Today all eyes are focussed on October 6th. A battle royal is expected in the Punjab. The electoral arithmetic works like this. Ms Bhutto is the frontrunner because she starts with the advantage of about 30 seats in Sindh compared to three or four only for Mr Sharif. If, as in 1988, she wins a simple majority in the Punjab (about 55 seats) she can expect to take at least 95 PPP seats, which is good enough to form a coalition government. But if she sweeps the Punjab, she will be strong enough to cobble a two-thirds majority in parliament. On the other side, Mr Sharif will have to sweep the Punjab and the NWFP as in 1990 as well as ally with the MQM if he wants to be prime minister.
Of course, there may be some surprises ahead. Some people say that Qazi Hussain Ahmad’s histrionics will put an end to Mr Sharif’s career prematurely. Others wonder whether Murtaza Bhutto, Altaf Hussain and Nawaz Sharif will together cut Benazir Bhutto down to size. Many worry about the implications of a hung parliament and despair at the thought of a coalition government in Islamabad. Everyone dreads a Centre-Punjab conflict all over again. No one knows the long-term fate of the radical reforms initiated by Mr Moeen Qureshi’s government.
Irrespective of who becomes prime minister, though, some deep-rooted disquiet will still remain. Take a look at the party manifestos of the PPP and PML(N). They are bloated with empty words and phrases. Read their multi-million media campaigns. The PPP is attacking the PML(N) for being a party of plundering crooks while the PML(N) is accusing the PPP of being a party of blundering fools. Frankly, neither can point to any credible accomplishments while in power and neither inspires much confidence about its ability to harness the future.
Try and imagine, too, what Benazir Bhutto’s future cabinet will look like if she should become prime minister. Mr Farooq Leghari apart, from among Ms Bhutto’s many favourite loyalists it is difficult to name suitable ministers of finance, commerce, interior or foreign affairs — four crucial areas which define “good” government. Harder still, the thought of Nawaz Sharif spurring Mr Sartaj Aziz to paint the country yellow is enough to make one’s stomach churn. Certainly, Mr Sharif’s last cabinet was a veritable gallery of rogues and rascals.
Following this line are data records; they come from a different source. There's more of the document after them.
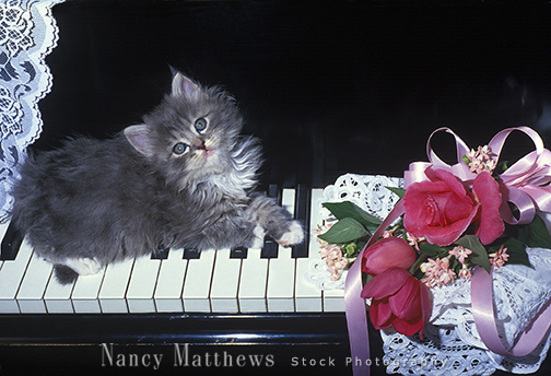 Description: kitten with flowers on piano
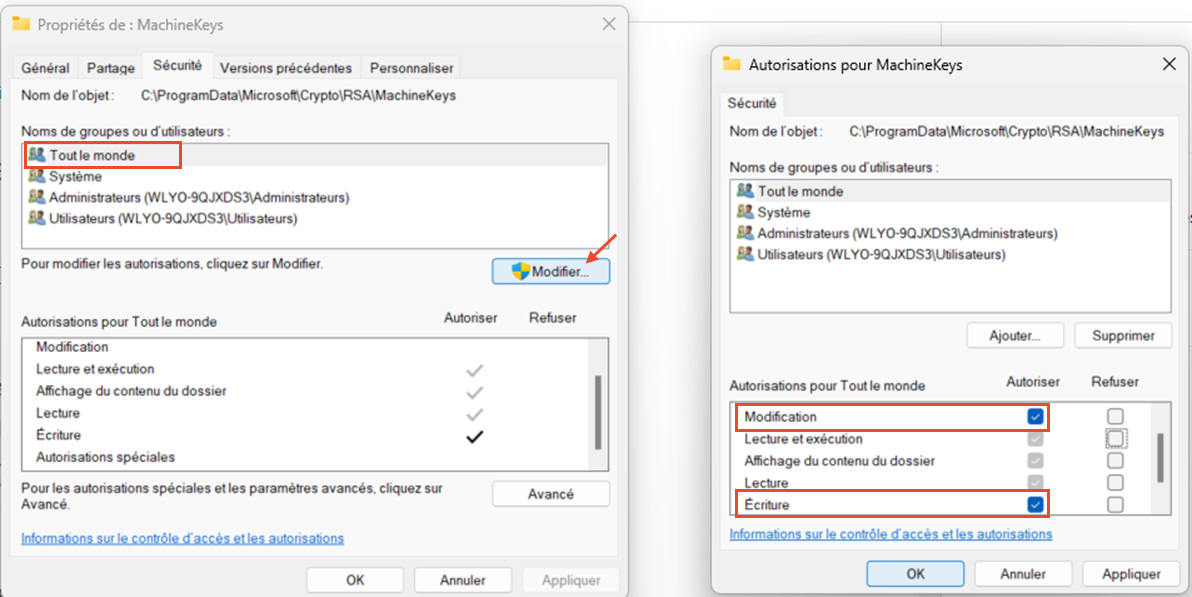 Dans ce cas, il est nécessaire d'attribuer les droits en modification/écriture du dossier au MachineKeys nécessaire au bon fonctionnement du logiciel (C:\ProgramData\Microsoft\Crypto\RSA\MachineKeys).
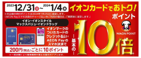 対象店舗において、イオンマークのついたクレジットカードを利用すると、通常200円につき1ポイントのところ10倍の10ポイントが付与される。
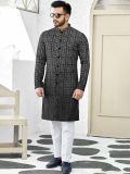 Showcasing this black grey color full sleeved kurta made in jacquard. Styles with dense printed details. Available with white color trousers in silk. Note: Some color variations may occur owing to photography causes. Up to 1 inch of measurement fluctuation is possible.
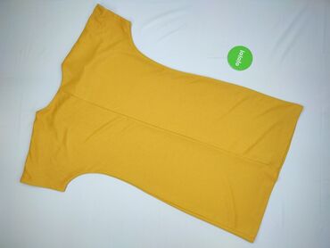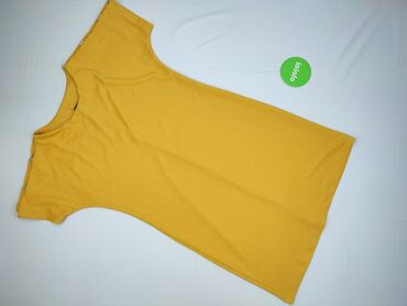 Sukienka damska w kolorze musztardowym - Fason: luźny, lekko rozszerzany ku dołowi - Dekolt: hiszpański/na ramiona, z szerokimi, marszczonymi panelami przy ramionach - Rękawy: krótkie, bufiaste - ...
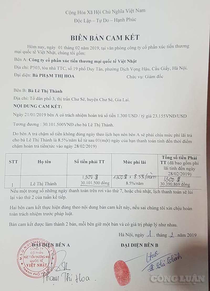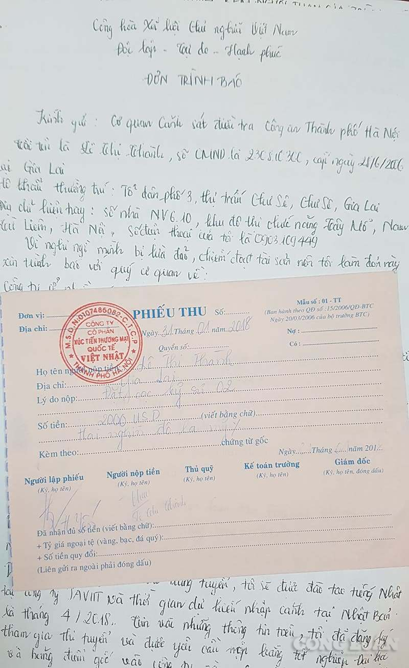 Đơn gửi Báo Nhà báo và Công luận, chị Lê Thị Thành, trú tại tổ dân phố 3, thị trấn Chư Sê, huyện Chư Sê, tỉnh Gia Lai cho biết: "Vào tháng 01 năm 2018, qua tìm hiểu trên mạng xã hội tôi được biết Giám đốc công ty JAVIIT là bà Phạm Thị Hoa ra thông báo rằng đơn vị đang tổ chức thi tuyển người lao động sang Nhật Bản làm việc với mức phí 7.000 USD. Theo thông báo, sau khi trúng tuyển đơn hàng, người lao động sẽ được đào tạo tiếng Nhật tại trung tâm của Công ty JAVIIT và thời gian dự kiến nhập cảnh tại Nhật Bản là tháng 4 năm 2018 (tức sau 3 tháng).
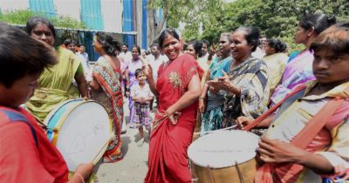 Image: AIADMK workers celebrate their party's spectacular performance in the Lok Sabha elections from Tamil Nadu. Photograph: PTI Photo.
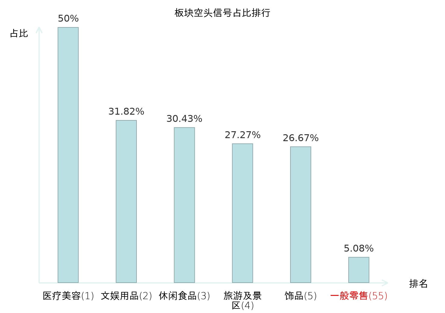 全市场所有行业板块中主力空头信号占比排名中,医疗美容板块位居第一。服装家纺板块名次提升最快,较昨日上升114位。
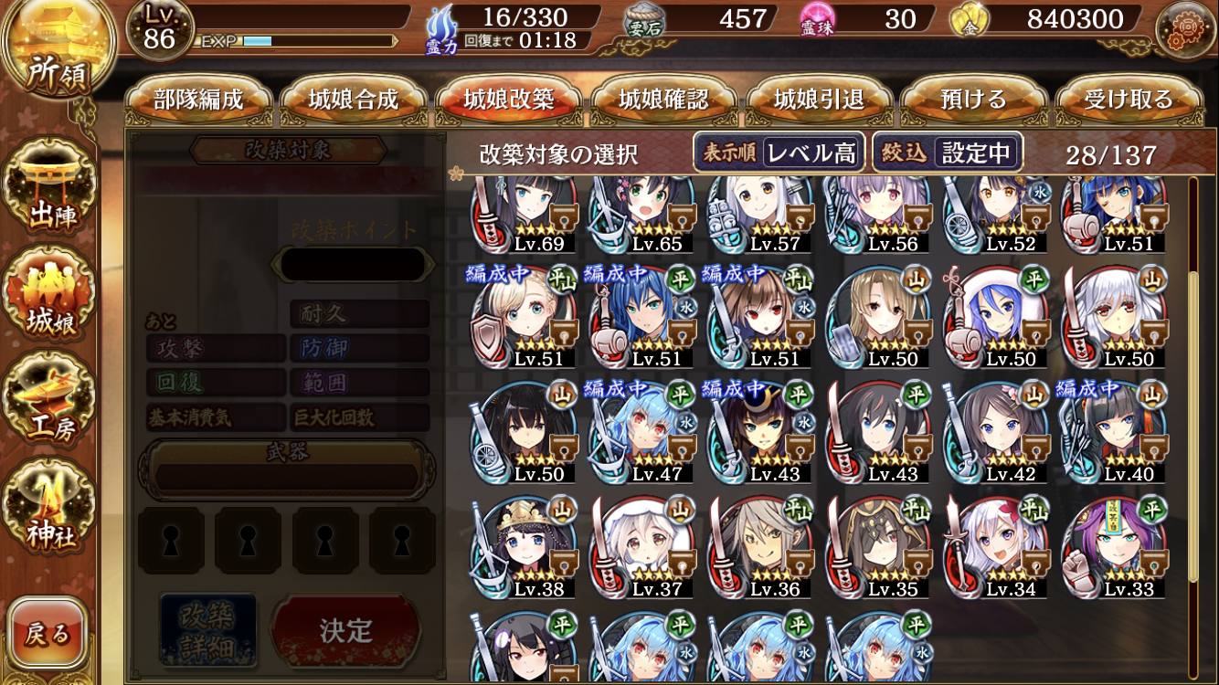 復刻イベ周回して、古河城がかなり手に入ったのですが、☆5キャラ改築するか、もうちょい粘って☆6の白河小峰城か高遠ネキを改築した方がいいのか迷ってます。4月から始めたアプリ殿なので☆5で改築出来たのはサンタと駿府くらいしかいません。☆5改築待機組はこんなにいるんですが誰優先に改築したら良いのでしょうか?教えてほしいです
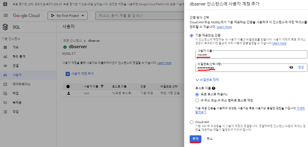 - DB 서버의 사용자를 만든다. (사용자이름 : wpuser, 비밀번호 : nwmc1023!!)
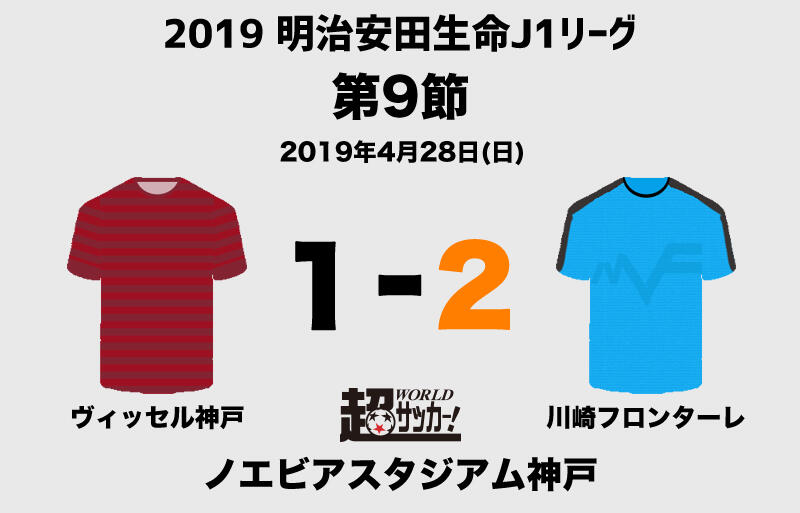 明治安田生命J1リーグ第9節のヴィッセル神戸vs川崎フロンターレが28日にノエビアスタジアム神戸で行われ、2-1で川崎Fが勝利した。
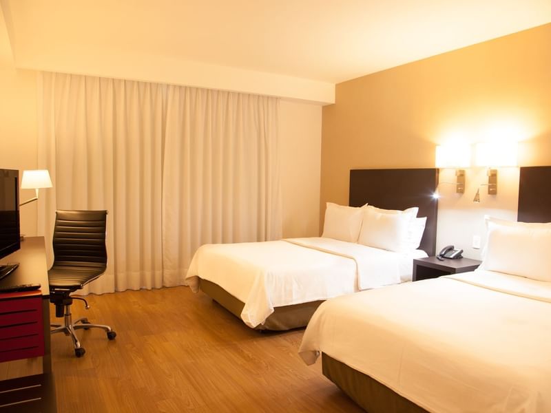 En este espacio todo está dispuesto para que elijas descansar o lograr la productividad necesaria. Sentirás como alcanzas el equilibrio en tu habitación. El ambiente es cálido y el mobiliario, cómodo y funcional. Prepárate para descansar profundamente en cualquiera de las dos camas matrimoniales. Solicita a room service lo que desees del menú, mientras ves la TV. Después de un día lleno de logros, toma un baño disfrutable. Si requieres continuar con tus pendientes, puedes hacerlo desde tu confortable sillón.
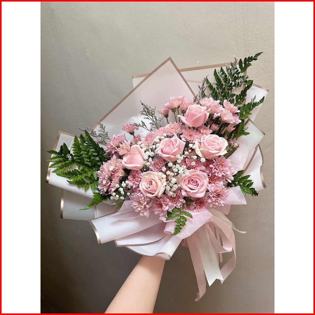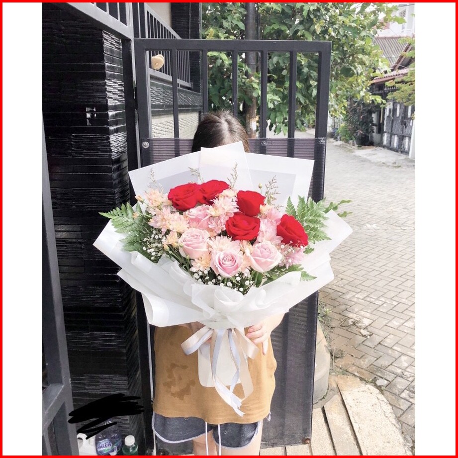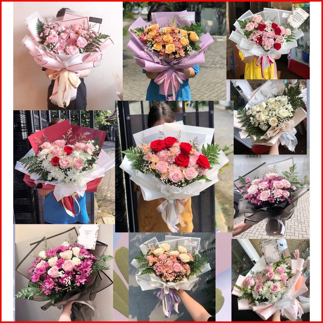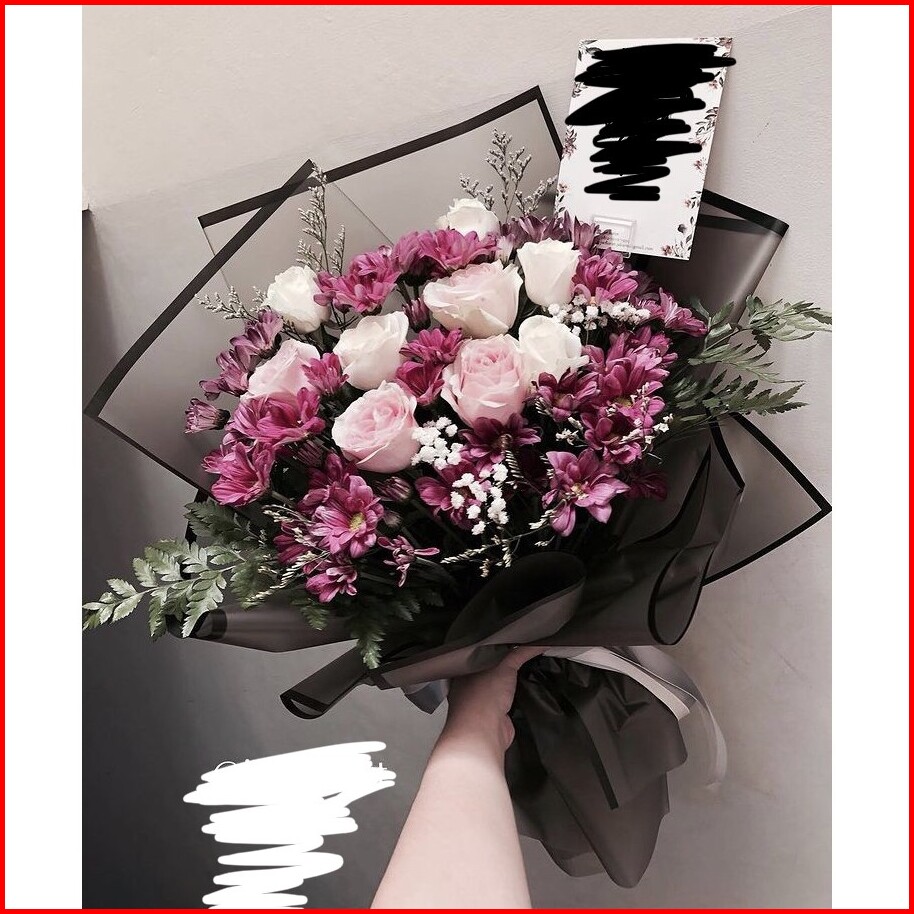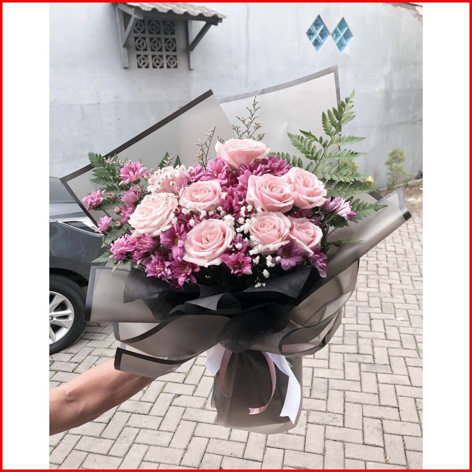 Buket Bunga Aster Dan 9 Mawar Segar Bouquet Bunga Rose Fresh Buket Ulang Tahun Hadiah Birthday Kado Anniversary Wisuda G

Then there is the question of who will be the next President of Pakistan. If neither Ms Bhutto nor Mr Sharif is able to boast a sweeping majority in the national assembly coupled with a strong showing in the provinces of Punjab and Sindh at least, the search will have to focus on a “consensus” candidate. That will take us back to the dilemma of last July when Mr Moeen Qureshi had to be “imported” from Washington in order to resolve the deadlock. Unless Mr Qureshi can be persuaded to shift from one house on the Margallas to another next month, there is much agonising uncertainty ahead on this front.
The question of how to resolve the bloody Sindhi-Mohajir divide also remains unresolved. Neither Ms Bhutto nor Mr Sharif, nor indeed President Ishaq or the Pakistan army high command, was able to find a satisfactory solution. Mr Altaf Hussain appears to be a thorn in everyone’s side. If Mr Sharif is prime minister, will he force another Jam Sadiq Ali on the PPP in Sindh? If Ms Bhutto is prime minister, will she thrust Qaim Ali Shah again on the MQM? In either case, it is not difficult to imagine the grave implications for Sindh.
All said and done, though, Ms Bhutto deserves a second chance more than Mr Sharif. As everyone knows, she got a raw deal from the establishment during her stint from 1988 to 1990. Mr Sharif, on the other hand, was the establishment’s blue-eyed boy whose ruthless quest for untrammeled power was responsible for his downfall. On another score, too, Ms Bhutto deserves the support of all Pakistanis. Whatever her failings, and she has many, she is decidedly the more modern and democratic of the two leaders. That is Pakistan’s best chance to get a berth into the next century.